Evergreens

Winter cuts through the garden as effectively as a sharp knife removing any remaining summer froth and exposing the bare bones beneath. With most of the plants having either shed their leaves, or gone underground to escape the rigours of the season, only the evergreens remain, true and proud, and they seize the limelight taking centre stage, positively glowing in the winter light.

This season of minimalism is the perfect opportunity to look at the garden framework and add some touches of magic to liven up those strategically placed areas - close to steps, by doorways or along a path. Here topiary will work a treat. Clip according to your setting, either creating formal shapes, such as the tiered wedding cake, or opt for softer organic shapes by cloud cutting into mounds and humps. Whichever you choose, winter will highlight every contour and bring out the best. .

The king of the evergreens

The holly reigns supreme in winter, but there are decisions to be made. If you want berries you can’t close clip and topiarise because you’ll cut away the flowers. You have to allow your holly to flourish on its own, with just a yearly spring trim, in order to get those red winter jewels. You must also make sure that you plant a female variety because hollies are dioecious (meaning two houses), and male and female flowers appear on separate bushes - and it’s only the female bushes that produce berries. In built up areas there’s usually plenty of male pollen carried around by the bees to pollinate the females, but in remoter areas you will need to plant a male holly as well. One male though, will serve a whole harem of female hollies.

A holly by any other name?

You can’t go by name, for some so-called Kings are indeed females and some so-called Queens are males masquerading as ladies by name only. There is an exception though. One green-leaved holly berries on its own because it's self-fertile - Ilex aquifolium‘J.C. van Tol’. However the berries cluster down the stems rather than in traditional clusters above the foliage. Most holly berries disappear once cold weather arrives, so if you want them for festivities pick them in early December and store them somewhere cool.

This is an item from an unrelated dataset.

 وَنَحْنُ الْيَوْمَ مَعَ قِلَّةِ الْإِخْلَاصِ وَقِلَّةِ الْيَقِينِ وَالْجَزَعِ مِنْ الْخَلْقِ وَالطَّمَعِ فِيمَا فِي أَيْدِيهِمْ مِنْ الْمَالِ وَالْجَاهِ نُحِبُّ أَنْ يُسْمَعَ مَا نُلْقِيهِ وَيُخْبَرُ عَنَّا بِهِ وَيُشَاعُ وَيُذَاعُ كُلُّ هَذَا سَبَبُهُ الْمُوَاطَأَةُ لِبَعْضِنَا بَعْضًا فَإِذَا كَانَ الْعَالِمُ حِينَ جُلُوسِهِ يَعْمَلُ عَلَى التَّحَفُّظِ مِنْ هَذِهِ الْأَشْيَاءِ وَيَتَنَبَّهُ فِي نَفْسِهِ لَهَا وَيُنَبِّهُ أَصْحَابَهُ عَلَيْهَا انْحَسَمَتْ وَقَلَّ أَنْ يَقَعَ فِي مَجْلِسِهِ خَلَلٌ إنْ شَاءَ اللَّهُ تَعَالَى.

Leave plenty for the birds though!

Hardy garden hollies come in a few main types. The English holly (Ilex aquifolium) is sharp and prickly and therefore needs careful siting. It's masochism to plant this in a border that you have to weed by hand, or to put it close to walkways. Aquila is Latin for eagle - so think eagle talons as a reminder of how sharp those leaves really are. However English hollies make superb specimen plants in a lawn, or placed in strategic positions. Many of them from majestic shapes.

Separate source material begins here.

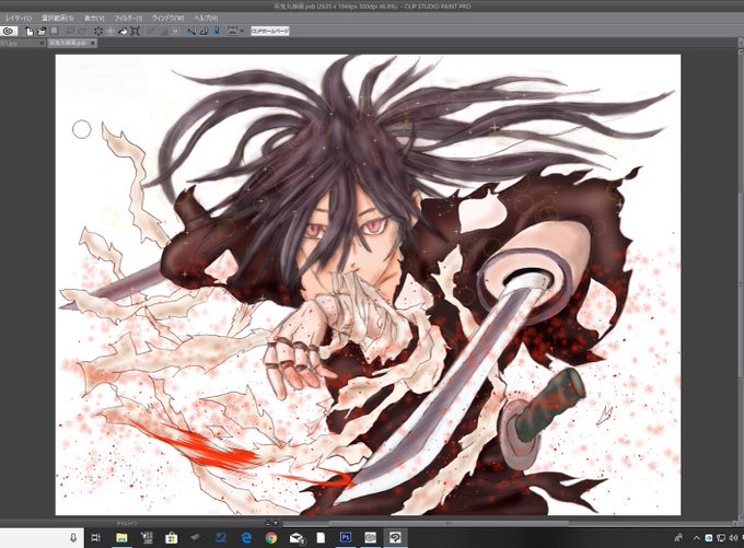#どろろ の #百鬼丸 を線画アナログ、色付けは、 #CLIPSTUDIO & #photoshop で描きました‼️

Most popular English hollies have some variegation which lights up the foliage. Ilex aquifolium 'Argentea Marginata' is an old 18th century variety known as the broad-leaved silver holly. The shiny green leaves, crisply margined in custard-cream yellow, set the clusters of red berries off. This clips really well, or it can be left to form a small tree and the new flush of spring growth will add a pink glow.
Highclere holly (Ilex x altaclerensis) is a natural hybrid between English holly and a tender large-leaved holly (I. perado) from The Azores. The two met when it became common to grow this large-leaved tender holly in orangeries in the 18th and 19th centuries. Bees carried pollen from these hothouse beauties to the wild hollies in the woods. The hybrid was first recorded and named at Highclere House in Berkshire by Loudon in 1838. Altaclerensis means the house of clere. The home of Downton was the first place this larger leaved holly was found, but it was soon discovered in many other places too.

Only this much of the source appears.